Não é certo que estes sinais de abertura à discussão sobre regras de cumprimento do PEC sejam mais do que fogo-de-vista e que seja consequente a discussão prometida para o Outono. Não há nenhuma garantia nem é possível prever que caminhos vão ser trilhados e o que pode mudar na gestão da UE. Mas é cada vez mais claro que a ortodoxia de Bruxelas é questionada. E que há várias estradas que podem ser percorridas.

Esta admissibilidade de que são possíveis soluções alternativas, de que, em democracia, nada é incontestável e sem escolha, está a fazer a sua escola na Europa. E o trabalho de oposição à ortodoxia de Bruxelas feito pelos líderes socialistas e sociais-democratas é um contributo para fazer crescer correntes a favor do diálogo democrático. Sobretudo, quando esses líderes ocupam o poder governamental e têm um peso real na discussão europeia, tornando evidente a fragilidade das propostas feitas com base na tese de que não há alternativa, nem espaço para o diálogo democrático.

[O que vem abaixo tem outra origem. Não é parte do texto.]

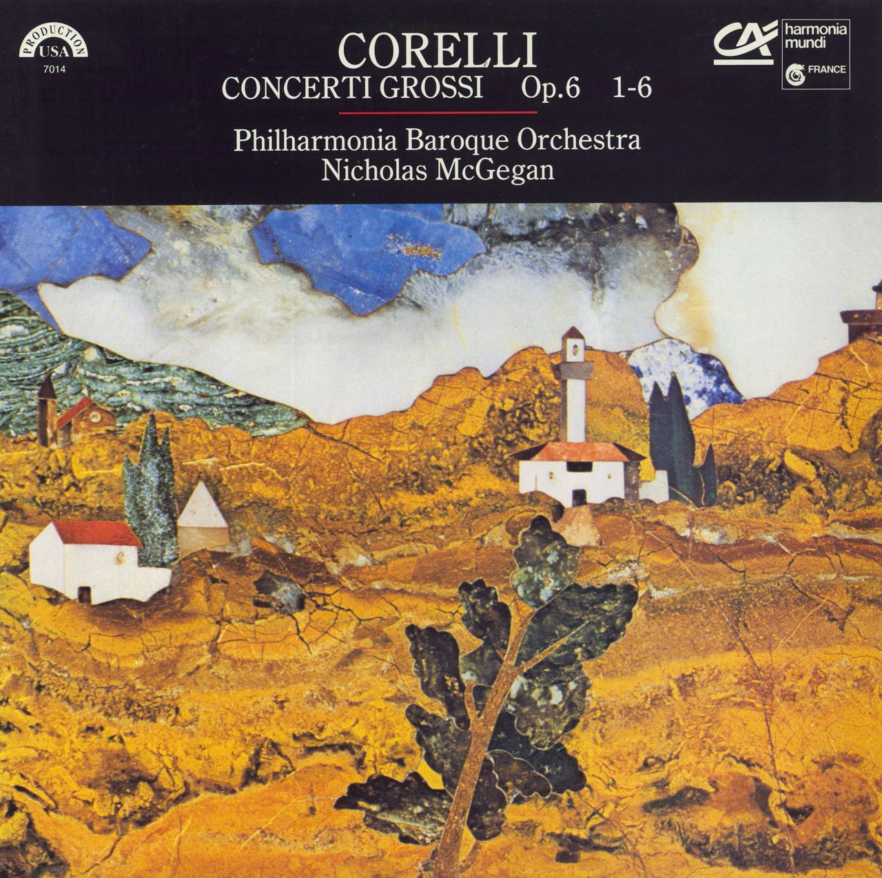 NICHOLAS McGEGAN conducts THE PHILHARMONIA BAROQUE ORCHESTRA Concerti Grossi Op. 6 1-6 (1989 US TAS listed stereo audiophile LP, picture sleeve with extensive notes in English, French & German. The sleeve is Excellent with the odd tiny paper fracture to an edge & the vinyl remains near 'as new' HMU7014)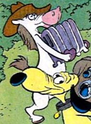 Hoagy Bear is based on the Hanna-Barbera cartoon character Yogi Bear, who lives in Jellystone National Park with his li'l sidekick bear Boo-Boo. Several other Hanna-Barbera cartoon cast provide the template for this story's characters; the white horse Quick Draw McGraw becomes Rawhide while Snagglepuss becomes Haggletooth. Unnamed duplicates for the duo Augie Doggie and Doggie Daddy plus Scooby Doo and others can also be seen. I'm not sure why the writer went with HB copies, but this issue copied a lot of other non-Marvel characters for parody/humor value (in this case, also insightful, although it was those in Jamstone National Park that ended up cleaning up other people's rubbish).

Essa evolução é lenta, mas vai adquirindo novas faces de novos protagonistas. Um dos mais recentes é o Presidente da República, Marcelo Rebelo de Sousa, que no seu primeiro discurso do 25 de Abril fez questão de proclamar: “Felizmente, também, há, no nosso país, neste momento, dois caminhos muito bem definidos e diferenciados quanto à governação, ao modo de se atingir as metas nacionais. Diversos quanto ao papel do Estado na economia e na sociedade. Diversos quanto às prioridades para a criação de riqueza. Diversos quanto ao tempo e ao modo da redistribuição da riqueza. Diversos na filosofia e na prática política. Cada um desses caminhos é plural, mas querendo ser alternativo ao outro. Com lideranças e propostas próprias. Clarificação esta muito salutar e fecunda. A Democracia faz-se de pluralismo, de debate, de alternativa.”

É caso para dizer, bem-vindo à defesa da diversidade e da alternativa, senhor Presidente!